One of the appeals of Clare’s work is that it is the expression of a true rustic. He knew of what he wrote in a way that Wordsworth, for instance, did not. Clare was a participant in nature, Wordsworth an observer. The nature they both wrote about was part of a pastoral tradition: a land tamed over the ages for the benefit of its human inhabitants. Enclosure represented an extension of pastoralism not its beginnings. Thoreau’s ‘simplified green world’ was, in the case of Walden, an island of second growth forest in a largely deforested countryside. Joan traveled through a similarly compromised environment, but it was exactly the human imprint to which she was attracted, for in that lay the psychic reverberations which were her true subject. Her pastoral rooms existed as traps for superannuated spooks.
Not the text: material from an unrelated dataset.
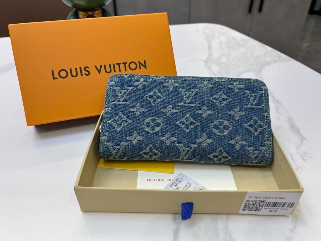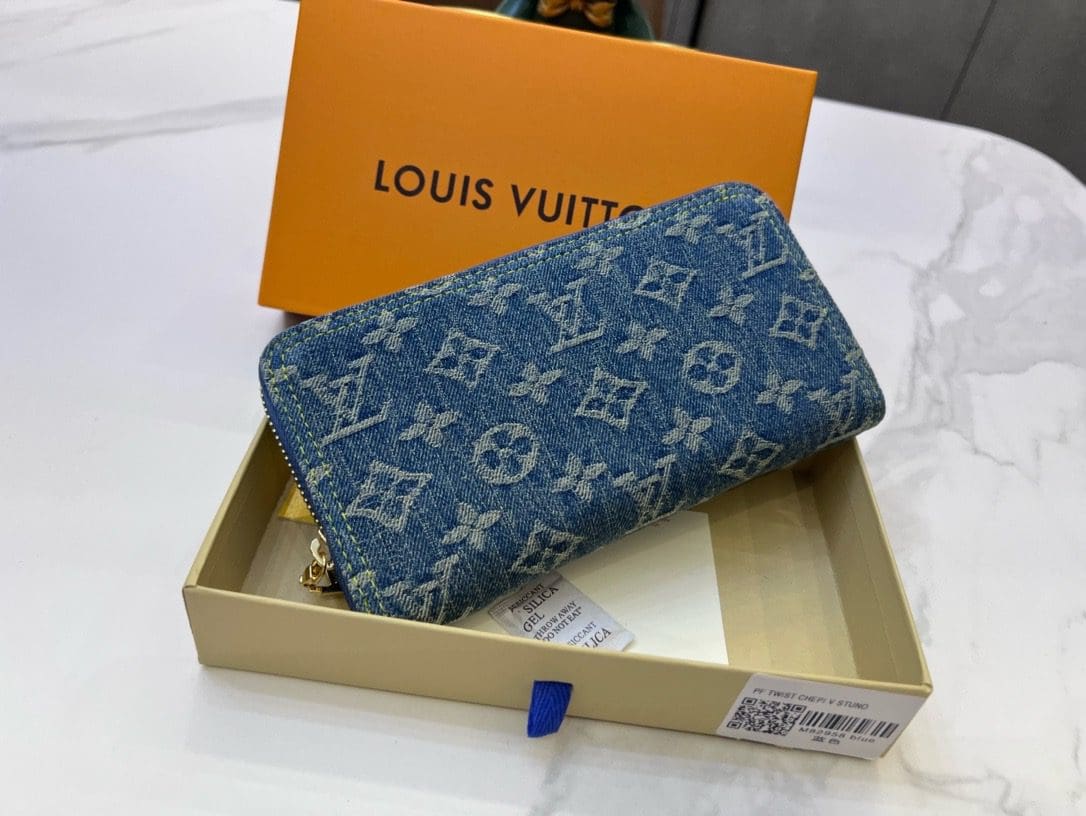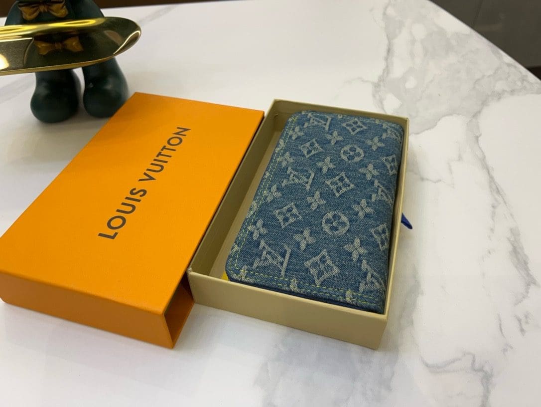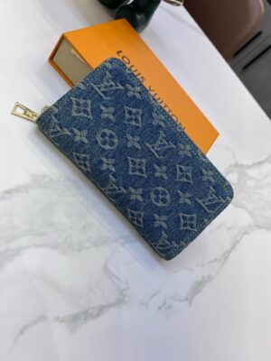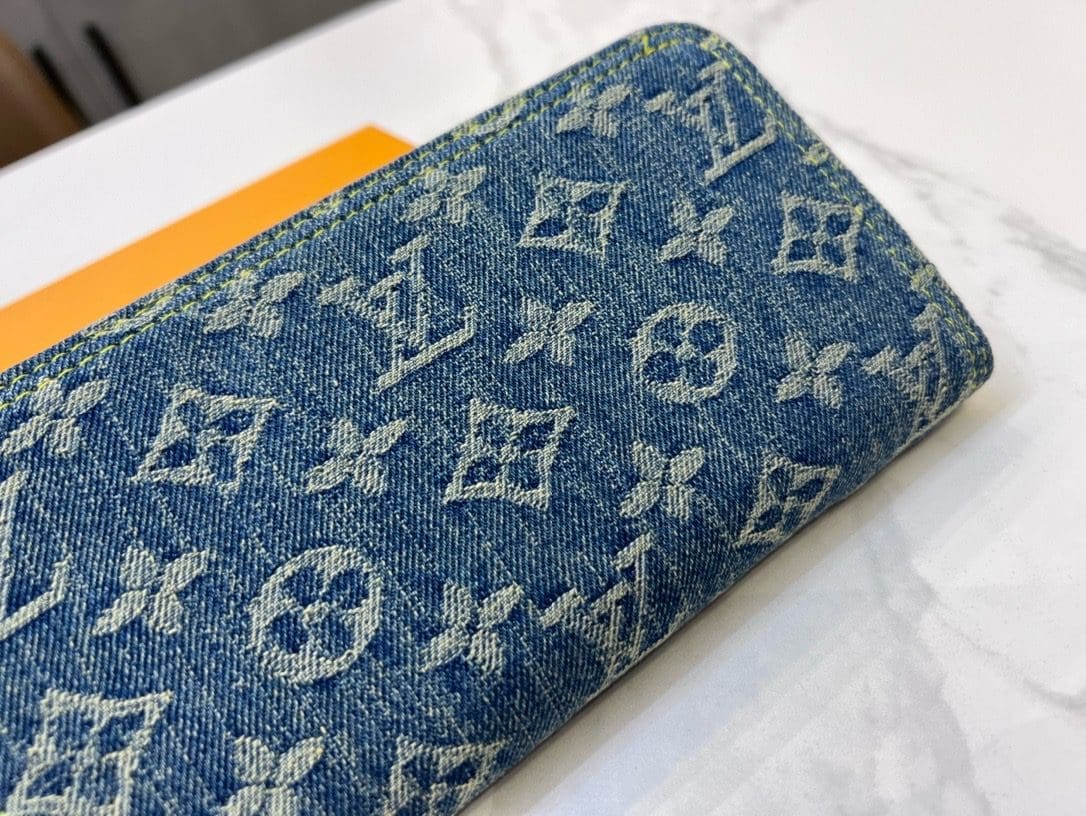 Fashioned from denim with the Monogram pattern woven into the cotton, this Zippy Wallet is stone washed, making each model unique. The House’s classic all-in-one wallet, the Zippy closes with a zipper and has a well-designed interior with three gusseted compartments as well as a zipped coin pocket, two flat pockets, and numerous card slots.

My pastoral rooms, to quote Thoreau, “are made out of Chaos and Old Night”. They are not pastoral at all – they are wild, “not mead, nor woodland, nor lea, nor arable, not waste-land” - but primal chaparral. This week has been warm and the winds strong. The other evening I arrived home to find that a dead Deerweed plant (Lotus scoparius) had blown up against the front door. It was largely spherical - perhaps three feet in diameter - and it glowed a fiery orange in the sun’s last rays. It appeared as a burning bush, heralding the presence of the wild within the precinct of our home.

My green world is aflame: it is a threat, not a comfort - and there is, I realize, no turning away from the Urban Wildland.